David Schary von der CDU legt einen symbolischen Stein in die Brandmauer gegen rechts, die seine Partei bei einer Kundgebung vor dem Rathaus vergangene Woche gebaut hat.
David Schary von der CDU legt einen symbolischen Stein in die Brandmauer gegen rechts, die seine Partei bei einer Kundgebung vor dem Rathaus vergangene Woche gebaut hat. © FUNKE Foto Services | Svenja Hanusch

Bei CDU-Veranstaltungen sei schon länger ein größerer Zulauf zu beobachten. „Bei der Riemker Runde im Schützenheim hatten wir mit 50 Gästen gerechnet. Am Ende kamen 110“, erzählt Schary. Und für das Grünkohlessen in Altenbochum sei man zu einem Anmeldestopp gezwungen gewesen, weil der Andrang so groß war.

Auch die Grünen vermelden einen Mitgliederboom. „Seit Beginn des Jahres konnten wir 37 Neumitglieder begrüßen“, teilt Kreisgeschäftsführer Oliver Buschmann auf WAZ-Anfrage mit.

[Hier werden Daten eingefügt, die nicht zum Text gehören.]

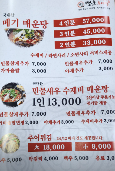 평일이나 주말 관계없이 늦은 시간까지 운영하기 때문에 언제든 방문할 수 있어 편리할 것 같습니다. 특히, 추운 날씨에 뜨끈한 메기매운탕이 생각날때 꼭 방문해 볼 예정입니다.

Zum Vergleich: 2023 waren es zum gleichen Zeitpunkt 20 weniger. „Wir haben damit erstmals in Bochum die 700-Mitglieder-Marke überschritten und sind aktuell bei 703 Mitgliedern.“ Die Neuen seien mehrheitlich ältere Menschen, die allermeisten Neumitglieder wollten entschieden für Demokratie und Freiheit und gegen Desinformation und rechtsextreme Hetze eintreten.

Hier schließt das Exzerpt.